Dr. Eckel earned his medical degree from the University of Cincinnati College of Medicine, and completed his residency in Internal Medicine at University of Wisconsin Hospitals in Madison, and fellowship in Metabolism and Endocrinology at the University of Washington School of Medicine in Seattle.

His translational research has incorporated data from populations, human subjects in the Clinical Translational Research Center, genetically-modified mice and tissue culture to pursue mechanistic relationships between metabolic disorders such as obesity/metabolic syndrome/diabetes and cardiovascular disease.

Dr. Eckel has more than 300 articles published in peer-reviewed journals including International Journal of Health Care, Diabetes, Metabolism, and American Journal of Clinical Nutrition. He is past president of the American Heart Association, Obesity Society, and Association of Patient Oriented Research. Dr. Eckel co-chaired the 2013 ACC/AHA Lifestyle Guideline for Prevention of Cardiovascular Disease and was a member of the 2013 ACC/AHA Cholesterol Guideline Committee.

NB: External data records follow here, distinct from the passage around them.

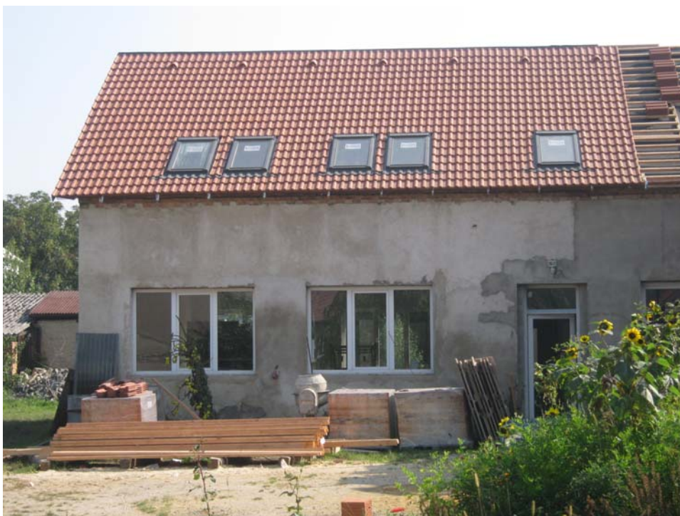
Obr. 9 Rozestavěný objekt dílen s novou ubytovací kapacitou v podkroví, stav v září 2010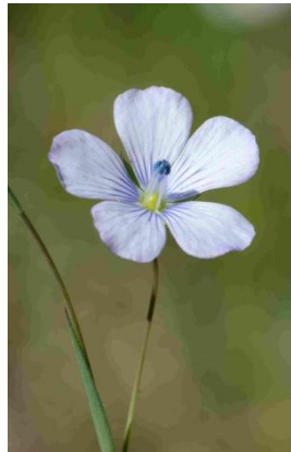
Lin bisannuel ( Linum usitatissimum subsp. angustifolium )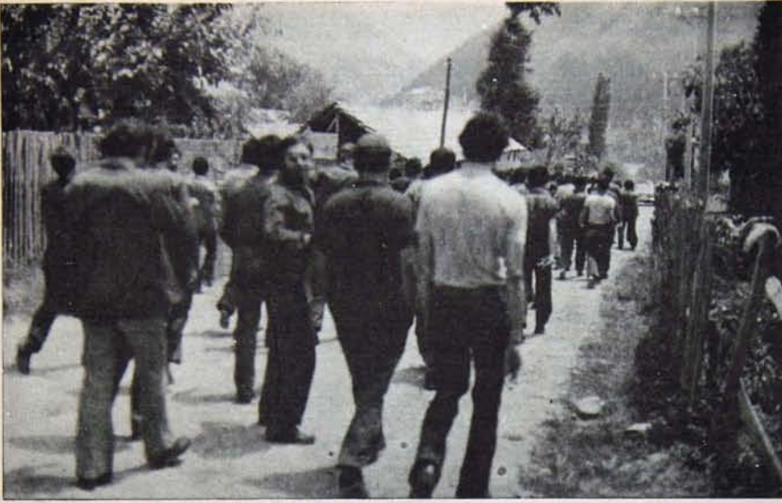
BURSA İŞÇİLERİNİN KARŞISINDA ÖYLEBİR VALİ VAR KI..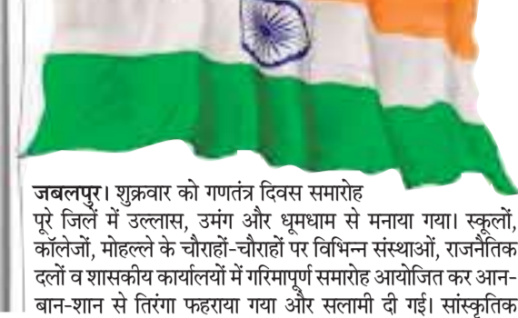
जबलपुर। शुक्रवार को गणतंत्र दिवस समारोह पूरे जिले में उल्लास, उमंग और धूमधाम से मनाया गया। स्कूलों, कॉलेजों, मोहल्ले के चौराहों-चौराहों पर विभिन्न संस्थाओं, राजनैतिक दलों व शासकीय कार्यालयों में गरिमापूर्ण समारोह आयोजित कर आन-बान-शान से तिरंगा फहराया गया और सलामी दी गई। सांस्कृतिक कार्यक्रमों की भी दिन भर धूम रही।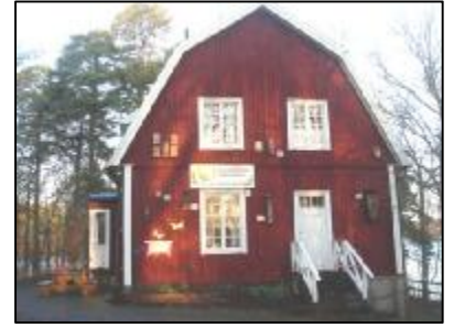
Nynäshamns Naturskolas hus på Sjöudden i Ösmo i Nynäshamns kommun.

Nynäshamns Naturskola startade 1988 och lokalerna ligger ute på Sjöudden vid sjön Muskan i Ösmo. Naturskolan tar emot barn/elever från 4 års ålder upp till 16 år från hela Nynäshamns kommun. Naturskola är inte en plats utan ett arbetssätt som bygger på utomhuspedagogik. Skolklasserna har en naturskoledag per läsår. Då bedrivs det ett undersökande arbetssätt kring ett tema. Inför varje Naturskoledag förbereds klassen av sin lärare, därpå sker efterarbete på hemskolan. Varje årskurs har sitt eget tema t.ex., småkryp i skogsbacken, sinnena, forntida tekniker, vinterekologi och inventering i Alhagens våtmark. Genom att på ett tidigt stadium vara ute mycket i naturen grundläggs en känsla för naturen. Det i sin tur ger en grund att vilja vårda vår natur och förstå våra miljöproblem.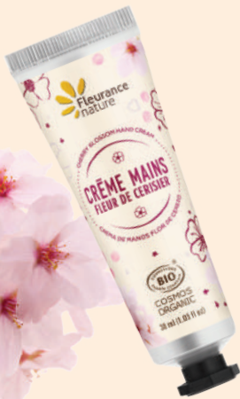
FLEUR DE CERISE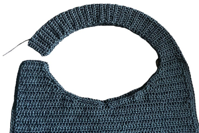
Realizzare il manico partendo da una estremità del corpo borsa.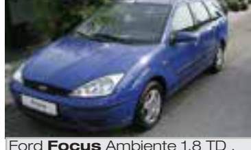
Ford Focus Ambiente 1,8 TD , BJ 3/02, 90 PS, 62.500 km, Kombi, blau, Klima, get. Scheiben, el Fenterheber, 06025 € 10.500,-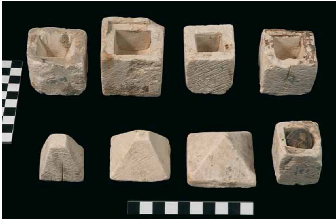
Figura 6. Cajitas de piedra caliza, con inscripciones en demótico, cerradas con tapaderas de formas piramidales. En su interior se encontraron pequeñas bolas de barro recubiertas de vendas

de Ptolomeo VIII Evergetes y de Cleopatra II, así como el nombre particular de cada Osiris y la fecha del año de reinado de los soberanos en que se efectuó el sepelio del simulacro osiriaco. Figura también el nombre de la necrópolis, Pr-hf , nombre que ya aparece referenciado en los textos del sarcófago de Het (Tumba núm. 1 de la necrópolis saíta), donde se especifica que el propietario ostentaba, entre otros cargos, el de hm-ntr de Bastet en el Pr-hf 11 .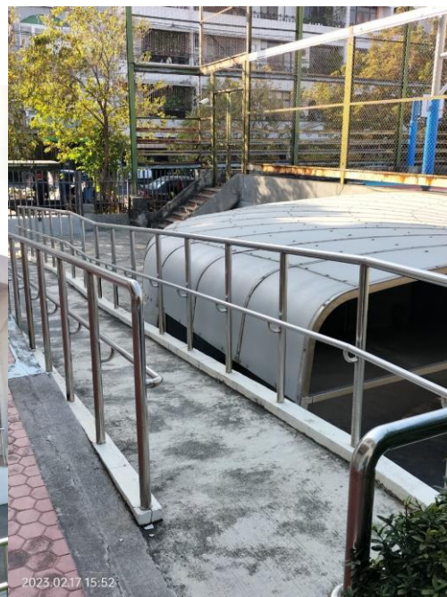
無障礙設施坡道檢查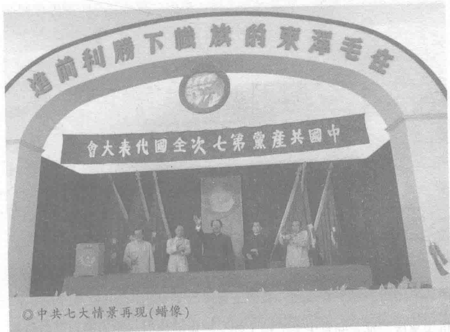
◎中共七大情景再现(蜡像)

会。其中，中央委员会委员 44 人，候补中央委员 33 人。6 月 19 日七届一中全会选举出 13 名中央政治局成员，选举了毛泽东、朱德、刘少奇、周恩来、任弼时为中央书记处书记，毛泽东为中央委员会主席、中央政治局主席、中央书记处主席。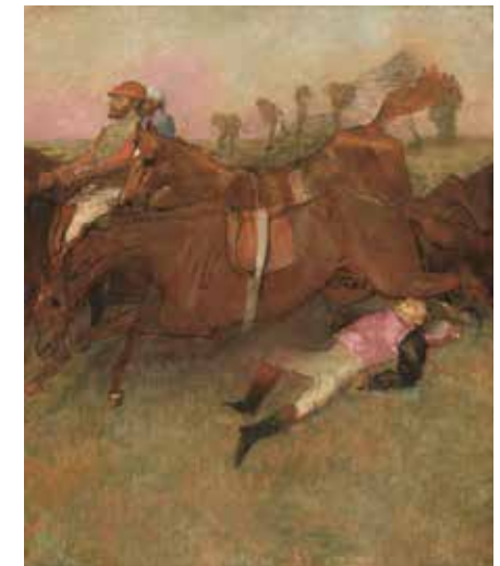
Edgar Degas, Scene from the Steeplechase: The Fallen Jockey , 1866, reworked 1880 – 1881 and c. 1897, oil on canvas, National Gallery of Art, Washington, Collection of Mr. and Mrs. Paul Mellon

43 Société des artistes français, Explication des ouvrages de peinture, sculpture, architecture, gravure et lithographie des artistes vivants , Paris, 1883, Gift of Paul Mellon, 6 3/4 × 4 1/8 in., 477 pages plus 130 pages of supplementary material, 4,943 entries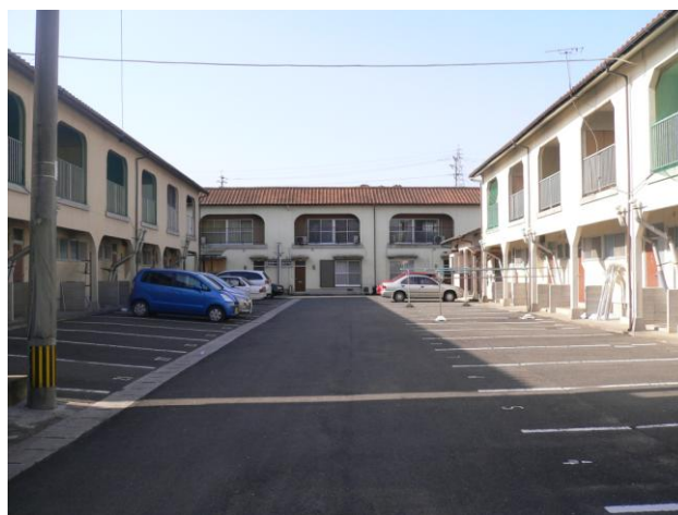
第二・第三清浄ホーム

He is a member of the Epidemiology of Diabetes Interventions and Complications Observational Safety and Monitoring Board and is on the Board for the American Diabetes Association.

Talks by Robert H. Eckel, MD, FAHA, FACC, FNLA

Assessing and Managing Metabolic Risk in Patients with Prostate Cancer

Robert H. Eckel, MD, FAHA, FACC, FNLA, presents a high-level overview of the assessment of metabolic risk in patients with prostate cancer. He begins with a summary of the known metabolic risks associated with Androgen Deprivation Therapy (ADT) in prostate cancer management.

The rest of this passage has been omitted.